▼

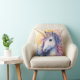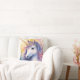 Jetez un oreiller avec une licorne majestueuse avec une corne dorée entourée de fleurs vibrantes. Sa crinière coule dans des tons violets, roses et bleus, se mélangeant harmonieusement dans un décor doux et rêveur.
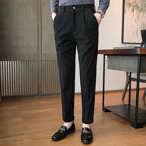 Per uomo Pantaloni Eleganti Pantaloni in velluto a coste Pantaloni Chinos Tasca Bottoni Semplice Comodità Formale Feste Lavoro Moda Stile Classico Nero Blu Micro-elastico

▲
▼

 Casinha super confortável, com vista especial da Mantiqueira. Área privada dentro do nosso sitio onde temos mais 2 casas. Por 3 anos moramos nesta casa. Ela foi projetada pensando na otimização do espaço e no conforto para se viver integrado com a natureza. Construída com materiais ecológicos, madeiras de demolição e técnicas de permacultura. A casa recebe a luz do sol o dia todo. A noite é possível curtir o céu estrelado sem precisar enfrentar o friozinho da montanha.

▲
▼

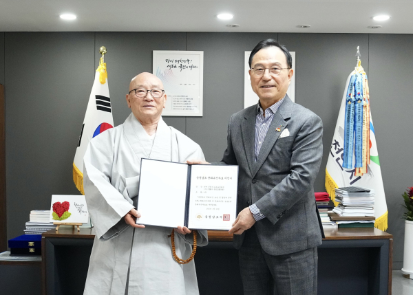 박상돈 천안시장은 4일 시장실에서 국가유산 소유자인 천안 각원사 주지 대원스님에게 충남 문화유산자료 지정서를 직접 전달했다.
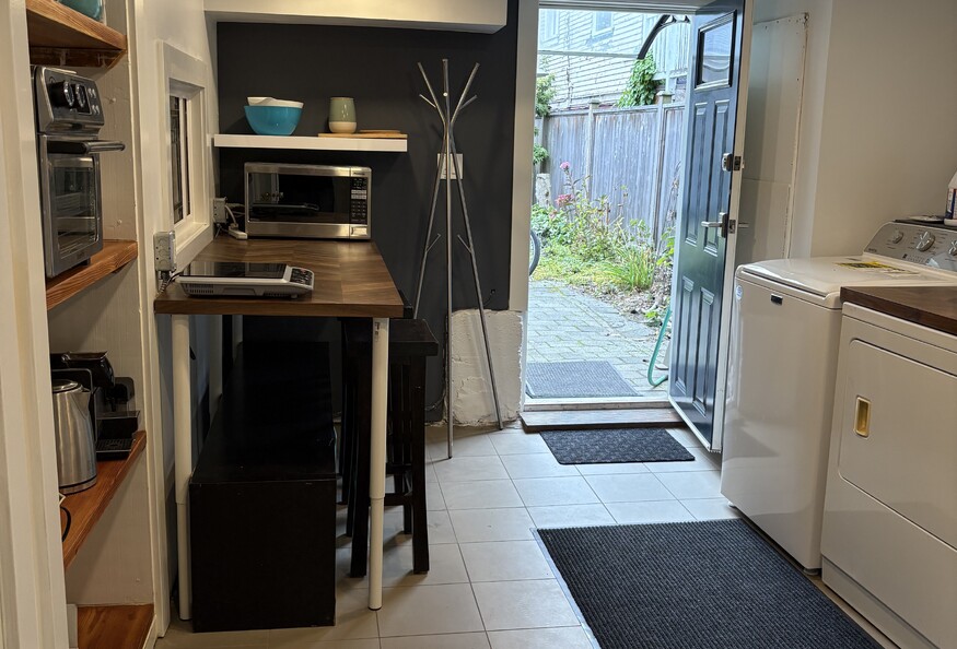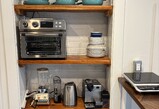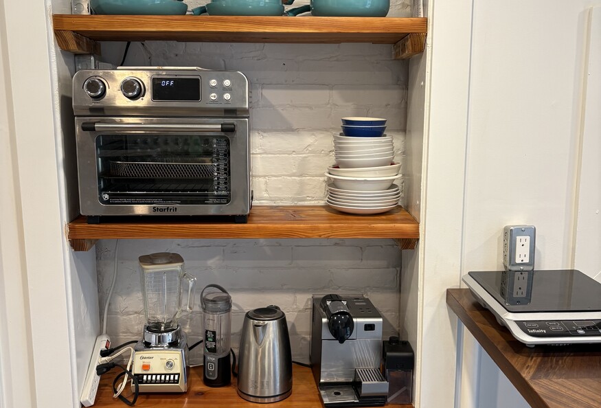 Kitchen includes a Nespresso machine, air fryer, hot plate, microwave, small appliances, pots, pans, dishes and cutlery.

▲

**YOUR OBJECTIVE**
What you write out is the stretch of entries from the line containing "Jetez un oreiller" to the line containing "Per uomo Pantaloni", word for word, with both end lines and no pictures.

**RESULT OF THIS TASK**
 Jetez un oreiller avec une licorne majestueuse avec une corne dorée entourée de fleurs vibrantes. Sa crinière coule dans des tons violets, roses et bleus, se mélangeant harmonieusement dans un décor doux et rêveur.
 Per uomo Pantaloni Eleganti Pantaloni in velluto a coste Pantaloni Chinos Tasca Bottoni Semplice Comodità Formale Feste Lavoro Moda Stile Classico Nero Blu Micro-elastico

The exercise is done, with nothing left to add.